Jay Noller. Photo: Lynn Ketchum Student with computer. Photo: Lynn Ketchum

Soil scientist Jay Noller encourages his students to understand the landscape by drawing it. Eventually, their first pencil-and-paper observations are refined on electronic tablets and overlaid with measurement data. Photos: Lynn Ketchum

The quality of the crop emerges from the quality of the soil. A century ago, OSU soil scientists began conducting many of Oregon’s earliest soil surveys. Whether by foot, horseback, bicycle, or rowboat, they mapped the state’s soils, acre by acre. They measured slopes and erosion hazards and made notes of vegetation. They dug pits six feet down to study the layers of color and texture, and took samples back at the lab to analyze soil structure. These surveys continue, providing specific information crucial to land use decisions from farming to construction.
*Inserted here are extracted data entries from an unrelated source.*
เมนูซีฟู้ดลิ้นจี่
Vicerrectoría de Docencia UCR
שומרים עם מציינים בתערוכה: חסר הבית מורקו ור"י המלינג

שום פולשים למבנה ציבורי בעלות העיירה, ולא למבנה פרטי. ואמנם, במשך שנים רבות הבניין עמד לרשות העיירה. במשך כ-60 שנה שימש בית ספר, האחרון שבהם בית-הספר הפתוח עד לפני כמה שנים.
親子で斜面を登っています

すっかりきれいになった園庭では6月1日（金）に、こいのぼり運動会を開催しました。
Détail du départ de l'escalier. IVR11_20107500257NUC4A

James Cassidy. Photo by Cheryl Hatch.

Soil science instructor James Cassidy (center) urges students to get down and dirty in a soil pit where the history of the landscape is visible in layers of soil. Photo: Cheryl Hatch

“Most of us old-timers got our start on soil survey crews,” said J. Herb Huddleston, retired OSU soil scientist. “That’s how we learned all about soils.”

Until recently, these surveys were recorded on paper maps. Today soil surveys are digitized, published onto a CD, and posted on the web. Jay Noller, an OSU soil scientist, mines these massive data sets and other data from satellite imagery, to compile information ranging from topography and climate to humans and microbes.
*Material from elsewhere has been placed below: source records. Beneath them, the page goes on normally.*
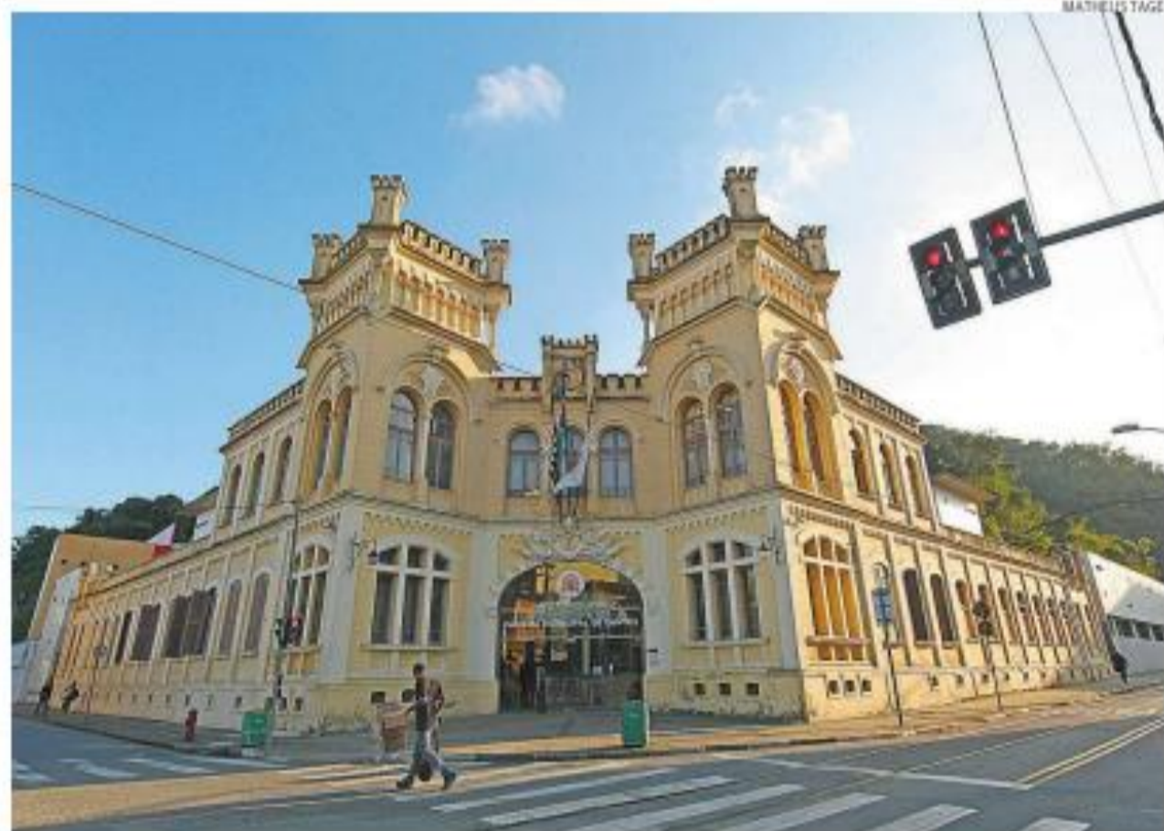
PL terá parecer votado hoje; depois, segue para outras comissões e ainda não tem prazo para aprovação

“Essa punição será uma forma de proteção dos direi-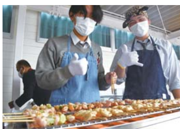
▲焼き鳥の前は大行列

3年ぶりの全校合唱「正解」で幕を開けた今年の成進祭、ステージで練習の成果を発表してくれた吹奏楽部や有志の皆さん、バザーの企画や準備、販売に力を尽くした皆さん、そして盛会をめざして早くから活動してくれた生徒会役員の皆さん、全校生徒247名一人ひとりが輝いた、笑顔あふれる成進祭となりました。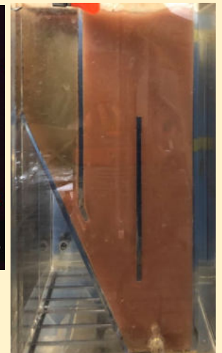
一槽式アナモックス反応槽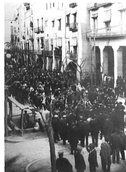
Sardanes a la Rambla en honor dels participants en el miting.

Els visitants ompliren totes les fondes i cafès de la ciutat, mentre esperaven el moment que comencés l'acte de la tarda. Després de diverses temptatives, els organitzadors aconseguiren que se'ls cedís la plaça de braus, llavors situada al municipi de Santa Eugènia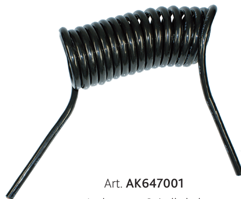
Art. AK647001 Ladestrom-Spiralkabel 291. 00 (A)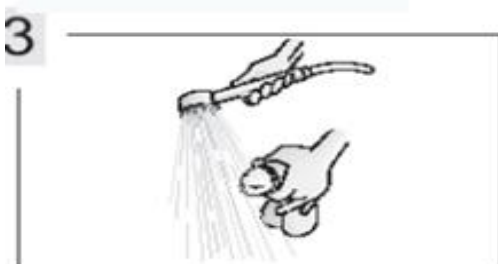
3 Промойте под струей воды мочевыводящее отверстие.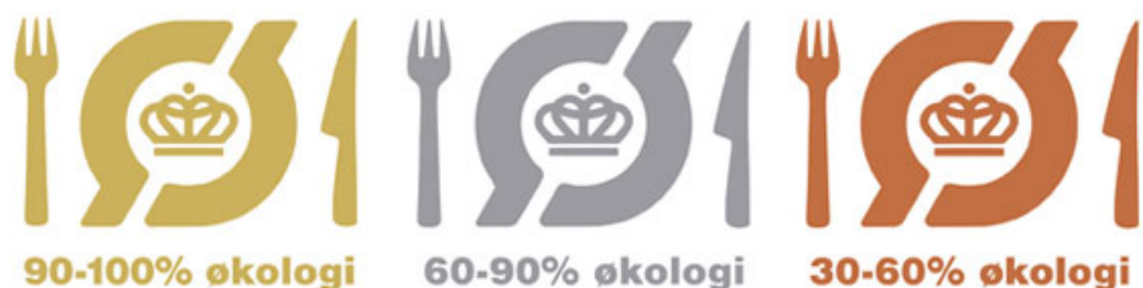
Figur 1. Det økologiske spisemærke

Et redskab i omstillingen af storkøkkenerne til økologi er det såkaldte "økologiske spisemærke". Udformningen af de økologiske spisemærker er illustreret i figur 1.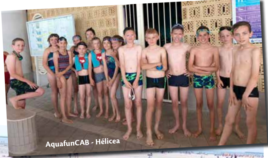
AquafunCAB - Hélicea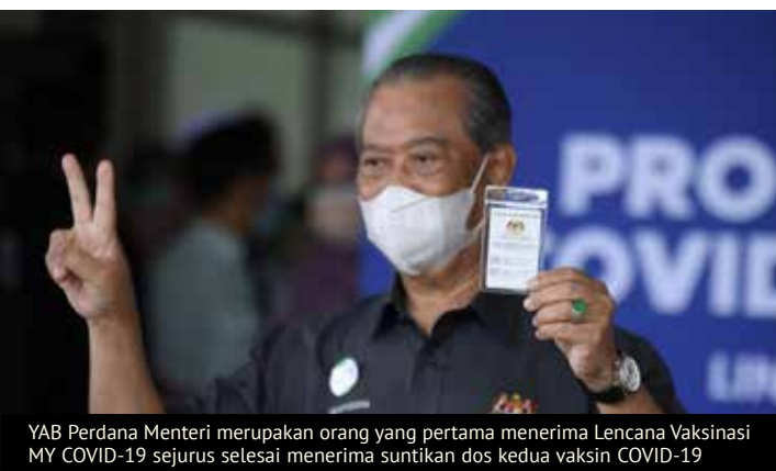
YAB Perdana Menteri merupakan orang yang pertama menerima Lencana Vaksinasi MY COVID-19 seurus selesai menerima suntikan dos kedua vaksin COVID-19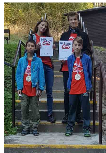
Úspěch v soutěži všechny potěšil.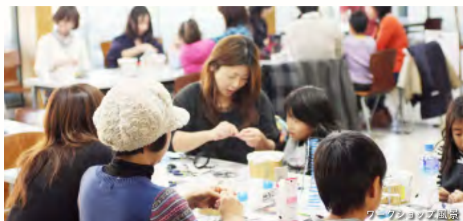
ワークショップ風景

工場地域に位置する山陽印刷株式会社が、地域に新たな「楽しさ・豊かさ」を発信することを目指し、普段は仕事場である社屋にアートを展示して一般開放する。社内の企画・デザインスタッフとアーティストの共同作業により運営され、ワークショップも開催される。

“All these factors are interrelated and influence each other,” said Noller, an international leader in digital soil mapping.
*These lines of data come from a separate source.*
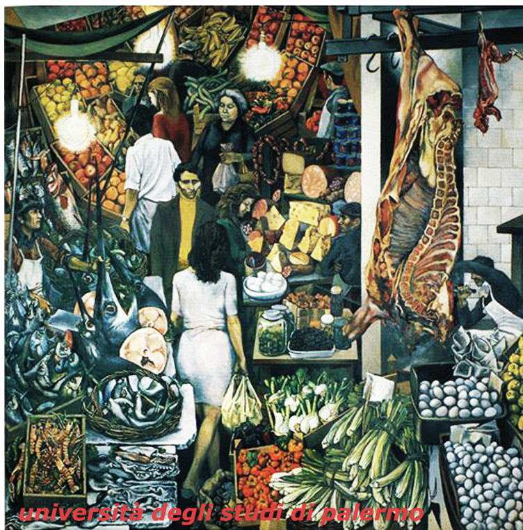
Renato Guttuso, La Vucciria , 1974, olio su tela, 300x300 cm, Palazzo Steri, Palermo (proprietà dell'Università degli Studi di Palermo, donazione dell'artista).

E sono richiami confermati anche dalla critica ufficiale. Basti leggere, ad exemplum , le mirabili pagine di Calvesi del 1985, quando osserva «la Sicilia, la terra per antonomasia della nascita e del lutto, dei sogni e delle visioni che continuamente la rievocano, la Sicilia chiama Guttuso, lo chiama con i suoi mostri impietriti in bizzarre contorsioni, sul muro di cinta di villa Palagonia [...]» 51 .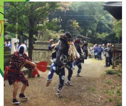
飯能諏訪八幡神社の獅子舞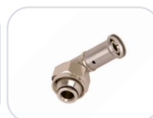
33P Ø 16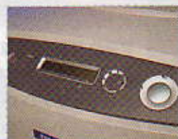
Epson AcuLaser C1100

100 až 90 bodů - ■■■■■, 89 až 75 bodů - ■■■■■, 74 až 60 bodů - ■■■■■, 59 až 45 bodů - ■■■■■, 44 až 20 bodů - ■■■■■, 19 až 0 bodů - ■■■■■ ■ Špičková třída (100-90) ■ Horní třída (89-75) ■ Střední třída (74-45) Všechna hodnocení v bodech (max. 100 bodů)

When he heads into the field, Noller collects field data digitally with what he calls a GPS diary, a hand-held computer unit and a global positioning system that always shows where he is. “I walk a landscape and I text-message notes to myself,” he explained. “I take digital photos and make sound recordings as well. When I get back from the field, I just download all this information, all automatically keyed to a location. I can click anywhere on a digital map and get all the info from any exact spot. These new technologies allow us to collect more information in less time and to capture it permanently.”

Mining these data, Noller can generate a map of a new area, a multiple variable electronic map that can predict the soil types with up to 90 percent accuracy. “Humans are spatially biased,” explained Noller. “We tend to avoid mountain peaks and steep valleys, so there are fewer data collected from hard-to-get-to places. Satellites and other forms of remote sensing have no spatial biases. They sample all the potholes and peaks.” Noller and his graduate students are using these methods to complete soil maps across more than 10 million acres of land in Oregon, a project in collaboration with the Natural Resource Conservation Service.

Gathering so much information so easily can create new challenges, says Noller. “People expect analysis quickly. A soil survey map used to take up to 20 years to complete. Now people expect it after 3 to 5 years. But there are still many human decisions and judgments involved in the process.”

Although digitized data have replaced paper maps, paper is not an archaic substrate when it comes to Noller’s teaching. He asks students in his course, “Soil Landscape Analysis,” to put away their computers and take up old-fashioned sketchbooks and pencils. “Before my students go digital, they must first master conventional landscape drawing,” he said. “I take them out and teach them to really see a landscape by sketching it. This reinforces the concept of negative space. In a landscape, what is not there is as important as what is there. You need to learn to see.”